REQUIRED ACTION — Only a number is expected in reply: the count of lines below where the word "основу" occurs.

DATASET —
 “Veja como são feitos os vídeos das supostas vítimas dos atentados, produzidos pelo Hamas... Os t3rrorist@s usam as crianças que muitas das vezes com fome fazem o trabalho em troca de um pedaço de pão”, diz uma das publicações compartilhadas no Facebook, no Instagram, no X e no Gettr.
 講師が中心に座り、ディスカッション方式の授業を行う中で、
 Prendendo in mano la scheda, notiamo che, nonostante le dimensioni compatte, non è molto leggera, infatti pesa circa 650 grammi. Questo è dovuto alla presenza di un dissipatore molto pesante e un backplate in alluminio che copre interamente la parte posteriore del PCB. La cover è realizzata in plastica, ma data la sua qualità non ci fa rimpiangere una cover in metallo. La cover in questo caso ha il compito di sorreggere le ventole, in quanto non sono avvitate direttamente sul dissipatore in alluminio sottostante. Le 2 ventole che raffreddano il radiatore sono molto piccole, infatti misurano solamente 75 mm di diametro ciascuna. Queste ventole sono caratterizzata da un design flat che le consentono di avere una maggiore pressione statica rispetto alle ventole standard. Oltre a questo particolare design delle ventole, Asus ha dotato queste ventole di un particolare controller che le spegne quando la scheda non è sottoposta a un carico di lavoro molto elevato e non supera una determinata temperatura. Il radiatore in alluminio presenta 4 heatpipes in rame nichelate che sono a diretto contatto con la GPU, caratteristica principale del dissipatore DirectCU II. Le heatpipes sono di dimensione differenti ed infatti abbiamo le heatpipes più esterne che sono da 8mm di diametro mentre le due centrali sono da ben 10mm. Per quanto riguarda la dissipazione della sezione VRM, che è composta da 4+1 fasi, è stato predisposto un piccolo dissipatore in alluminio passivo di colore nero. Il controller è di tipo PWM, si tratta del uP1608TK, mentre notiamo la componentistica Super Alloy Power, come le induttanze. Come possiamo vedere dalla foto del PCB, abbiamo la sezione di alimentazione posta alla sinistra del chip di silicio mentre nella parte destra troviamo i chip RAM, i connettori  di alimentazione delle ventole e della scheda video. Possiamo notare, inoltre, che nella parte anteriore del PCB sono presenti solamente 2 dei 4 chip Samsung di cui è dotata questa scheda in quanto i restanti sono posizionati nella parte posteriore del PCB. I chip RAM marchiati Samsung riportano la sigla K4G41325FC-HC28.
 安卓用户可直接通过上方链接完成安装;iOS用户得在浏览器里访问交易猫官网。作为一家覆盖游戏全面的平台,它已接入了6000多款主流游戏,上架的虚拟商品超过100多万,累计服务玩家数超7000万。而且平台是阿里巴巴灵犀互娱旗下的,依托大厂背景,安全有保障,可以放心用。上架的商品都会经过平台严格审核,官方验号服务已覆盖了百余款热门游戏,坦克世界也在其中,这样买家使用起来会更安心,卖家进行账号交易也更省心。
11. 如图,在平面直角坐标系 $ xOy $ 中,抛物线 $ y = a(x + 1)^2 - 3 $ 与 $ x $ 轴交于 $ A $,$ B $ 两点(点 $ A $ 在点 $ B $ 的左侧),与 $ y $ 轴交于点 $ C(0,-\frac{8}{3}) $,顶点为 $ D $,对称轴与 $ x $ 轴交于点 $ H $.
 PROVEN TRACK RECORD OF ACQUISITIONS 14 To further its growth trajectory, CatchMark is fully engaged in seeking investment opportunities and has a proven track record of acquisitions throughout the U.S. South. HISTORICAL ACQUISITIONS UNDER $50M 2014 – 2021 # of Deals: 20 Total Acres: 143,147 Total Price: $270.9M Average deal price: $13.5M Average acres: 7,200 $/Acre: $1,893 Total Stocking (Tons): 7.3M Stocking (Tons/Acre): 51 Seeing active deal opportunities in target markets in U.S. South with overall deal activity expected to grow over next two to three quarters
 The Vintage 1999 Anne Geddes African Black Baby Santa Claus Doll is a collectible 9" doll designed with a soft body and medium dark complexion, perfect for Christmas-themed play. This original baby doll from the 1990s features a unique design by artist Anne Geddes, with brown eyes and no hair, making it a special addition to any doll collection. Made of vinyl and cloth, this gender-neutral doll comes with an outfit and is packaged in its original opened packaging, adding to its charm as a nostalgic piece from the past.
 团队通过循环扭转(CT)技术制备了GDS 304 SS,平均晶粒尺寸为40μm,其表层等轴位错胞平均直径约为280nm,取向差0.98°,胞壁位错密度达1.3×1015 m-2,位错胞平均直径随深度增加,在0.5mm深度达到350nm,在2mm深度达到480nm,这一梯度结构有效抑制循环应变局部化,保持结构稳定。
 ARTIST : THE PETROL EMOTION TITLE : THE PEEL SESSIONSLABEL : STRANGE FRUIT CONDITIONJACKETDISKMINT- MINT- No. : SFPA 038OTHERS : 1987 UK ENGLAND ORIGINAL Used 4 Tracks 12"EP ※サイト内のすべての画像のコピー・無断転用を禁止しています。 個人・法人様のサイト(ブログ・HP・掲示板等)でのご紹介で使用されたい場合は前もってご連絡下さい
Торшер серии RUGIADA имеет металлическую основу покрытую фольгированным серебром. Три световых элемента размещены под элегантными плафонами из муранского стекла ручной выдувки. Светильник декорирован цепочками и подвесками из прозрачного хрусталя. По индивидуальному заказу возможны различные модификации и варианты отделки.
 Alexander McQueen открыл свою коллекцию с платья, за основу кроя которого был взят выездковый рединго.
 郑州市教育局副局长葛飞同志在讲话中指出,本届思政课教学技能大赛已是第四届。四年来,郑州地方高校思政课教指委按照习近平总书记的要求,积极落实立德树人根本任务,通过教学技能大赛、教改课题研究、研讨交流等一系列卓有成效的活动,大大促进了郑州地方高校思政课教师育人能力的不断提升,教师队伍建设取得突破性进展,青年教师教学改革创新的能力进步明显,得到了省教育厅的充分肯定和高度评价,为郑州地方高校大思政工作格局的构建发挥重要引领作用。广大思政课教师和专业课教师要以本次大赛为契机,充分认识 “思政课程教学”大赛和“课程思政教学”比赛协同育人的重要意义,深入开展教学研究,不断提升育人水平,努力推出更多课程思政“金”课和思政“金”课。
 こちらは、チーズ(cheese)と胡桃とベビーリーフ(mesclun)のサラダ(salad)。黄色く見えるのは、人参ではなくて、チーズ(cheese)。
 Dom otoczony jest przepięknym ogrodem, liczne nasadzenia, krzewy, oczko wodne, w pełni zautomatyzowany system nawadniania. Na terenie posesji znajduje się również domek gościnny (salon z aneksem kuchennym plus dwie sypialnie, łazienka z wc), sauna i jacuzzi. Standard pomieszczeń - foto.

RESULT FOR THIS EXERCISE — 2